Segment Start: Data for this exercise
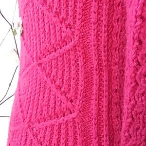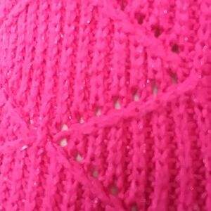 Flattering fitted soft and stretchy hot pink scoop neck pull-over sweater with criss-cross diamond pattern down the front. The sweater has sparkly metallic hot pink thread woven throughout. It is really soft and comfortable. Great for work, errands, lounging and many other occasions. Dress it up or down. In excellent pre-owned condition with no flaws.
Segment End: Data for this exercise
Segment Start: Data for this exercise
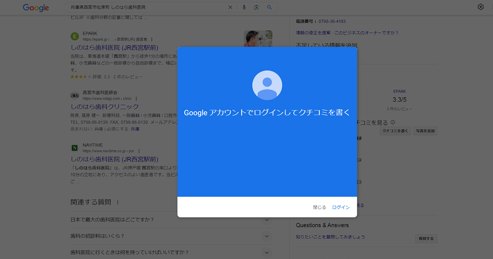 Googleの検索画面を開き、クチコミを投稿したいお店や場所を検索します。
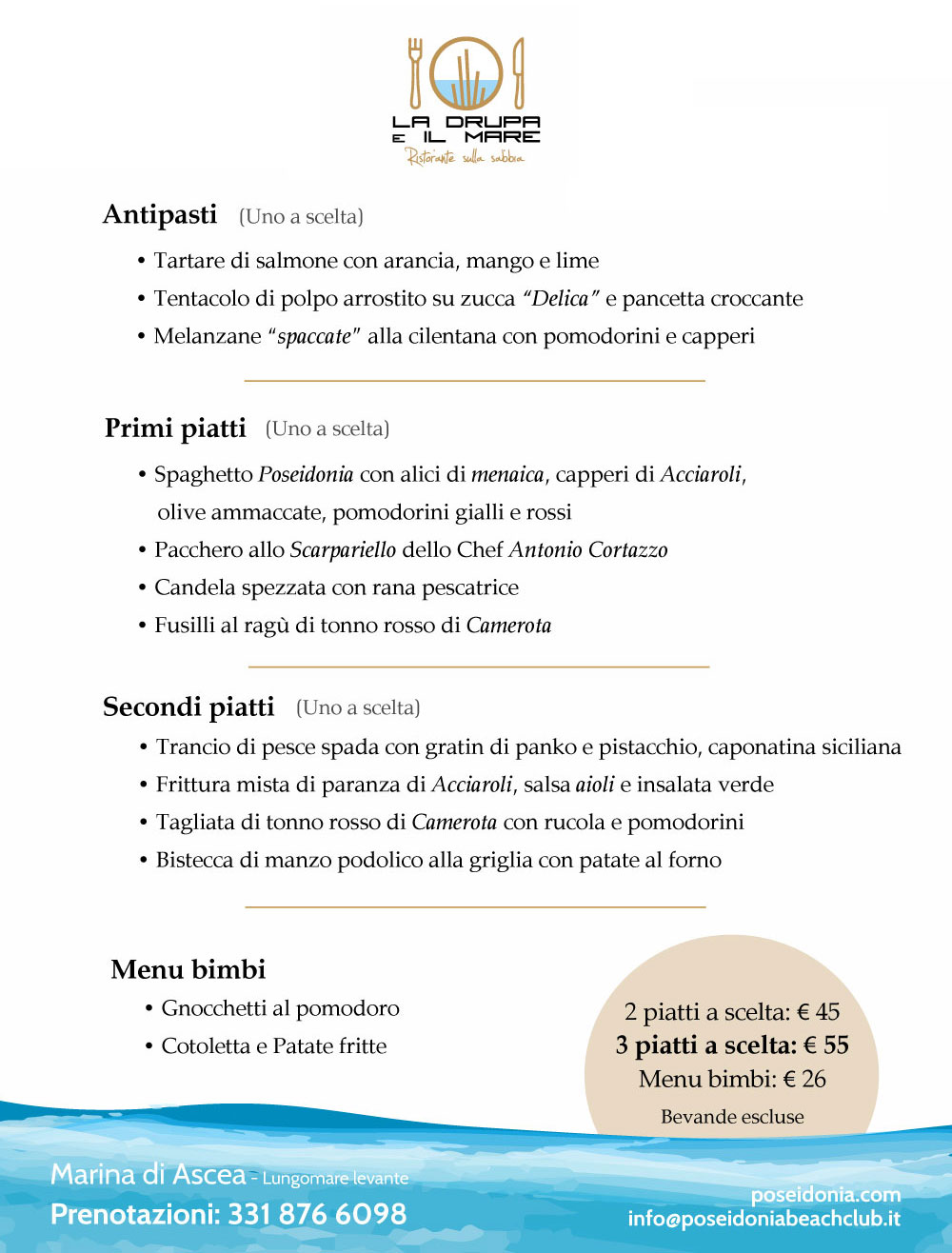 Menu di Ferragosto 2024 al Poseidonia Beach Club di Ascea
Segment End: Data for this exercise
Segment Start: Data for this exercise
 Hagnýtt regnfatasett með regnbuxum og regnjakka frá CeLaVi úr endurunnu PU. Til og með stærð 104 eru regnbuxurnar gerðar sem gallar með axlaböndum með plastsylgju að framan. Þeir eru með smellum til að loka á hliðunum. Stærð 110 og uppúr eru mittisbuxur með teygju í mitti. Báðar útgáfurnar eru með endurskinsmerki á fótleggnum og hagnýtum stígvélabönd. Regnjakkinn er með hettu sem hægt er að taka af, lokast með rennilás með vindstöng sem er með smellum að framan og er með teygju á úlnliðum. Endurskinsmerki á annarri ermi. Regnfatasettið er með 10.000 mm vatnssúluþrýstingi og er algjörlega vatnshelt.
Segment End: Data for this exercise
■ **Exercise description**
Lines wanted from the entries above: the one with "Googleの検索画面を開き、クチコミを投稿したいお店や場所を検索します。", the one with "Menu di Ferragosto", and all lines between. Please copy them exactly, without the pictures and without anything else.

■ **Solution to this exercise**
 Googleの検索画面を開き、クチコミを投稿したいお店や場所を検索します。
 Menu di Ferragosto 2024 al Poseidonia Beach Club di Ascea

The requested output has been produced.